1. Tsipras apparently allowed himself to be convinced, some time ago, that euro exit was completely impossible. It appears that Syriza didn’t even do any contingency planning for a parallel currency (I hope to find out that this is wrong). This left him in a hopeless bargaining position. I’m even hearing from people who should know that Ambrose Evans-Pritchard is right, that he hoped to lose the referendum, to give an excuse for capitulation.

2. But substantive surrender isn’t enough for Germany, which wants regime change and total humiliation — and there’s a substantial faction that just wants to push Greece out, and would more or less welcome a failed state as a caution for the rest.

3. I don’t know if some kind of deal might still be approved; even if it is, how long can it last?

The thing is, all the wise heads saying that Grexit is impossible, that it would lead to a complete implosion, don’t know what they are talking about. When I say that, I don’t mean that they’re necessarily wrong — I believe they are, but anyone who is confident about anything here is deluding himself. What I mean instead is that nobody has any experience with what we’re looking at. It’s striking that the conventional wisdom here completely misreads the closest parallel, Argentina 2002. The usual narrative is completely wrong: de-dollarization did *not* cause economic collapse, but rather followed it, and recovery began quite soon.

There are only terrible alternatives at this point, thanks to the fecklessness of the Greek government and, far more important, the utterly irresponsible campaign of financial intimidation waged by Germany and its allies. And I guess I have to say it: unless Merkel miraculously finds a way to offer a much less destructive plan than anything we’re hearing, Grexit, terrifying as it is, would be better.

Yesterday’s last post was “Killing the European Project:”

Suppose you consider Tsipras an incompetent twerp. Suppose you dearly want to see Syriza out of power. Suppose, even, that you welcome the prospect of pushing those annoying Greeks out of the euro.

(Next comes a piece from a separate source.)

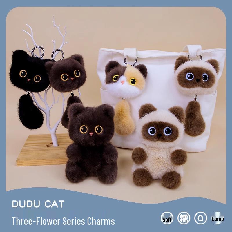 Adorable Cat Plush Keychain Pendant: Black, Calico, Siamese Varieties

Even if all of that is true, this Eurogroup list of demands is madness. The trending hashtag ThisIsACoup is exactly right. This goes beyond harsh into pure vindictiveness, complete destruction of national sovereignty, and no hope of relief. It is, presumably, meant to be an offer Greece can’t accept; but even so, it’s a grotesque betrayal of everything the European project was supposed to stand for.

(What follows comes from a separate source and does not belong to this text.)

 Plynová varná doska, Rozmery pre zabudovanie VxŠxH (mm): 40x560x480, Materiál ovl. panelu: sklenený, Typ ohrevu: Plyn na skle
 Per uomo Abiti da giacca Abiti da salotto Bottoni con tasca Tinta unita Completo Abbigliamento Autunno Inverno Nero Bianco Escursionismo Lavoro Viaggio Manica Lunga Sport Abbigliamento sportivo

Can anything pull Europe back from the brink? Word is that Mario Draghi is trying to reintroduce some sanity, that Hollande is finally showing a bit of the pushback against German morality-play economics that he so signally failed to supply in the past. But much of the damage has already been done. Who will ever trust Germany’s good intentions after this?

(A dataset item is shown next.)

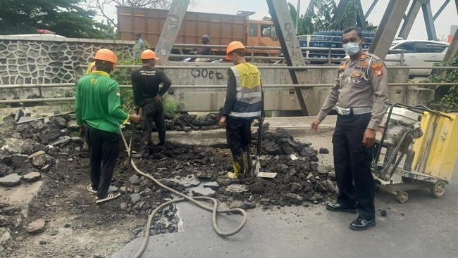 Anggota Polsek Jati Asih melakukan pengawalan selama perbaikan dilakukan. Jembatan tersebut ditutup untuk sementara waktu setelah terjadi amblas.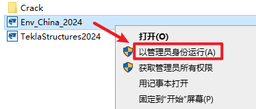 12.返回安装文件夹“Tekla Structures 2024 SP0”,选中“Env_China_2024”,右键选择“以管理员身份运行”

In a way, the economics have almost become secondary. But still, let’s be clear: what we’ve learned these past couple of weeks is that being a member of the eurozone means that the creditors can destroy your economy if you step out of line. This has no bearing at all on the underlying economics of austerity. It’s as true as ever that imposing harsh austerity without debt relief is a doomed policy no matter how willing the country is to accept suffering. And this in turn means that even a complete Greek capitulation would be a dead end.

Can Greece pull off a successful exit? Will Germany try to block a recovery? (Sorry, but that’s the kind of thing we must now ask.)

The European project — a project I have always praised and supported — has just been dealt a terrible, perhaps fatal blow. And whatever you think of Syriza, or Greece, it wasn’t the Greeks who did it.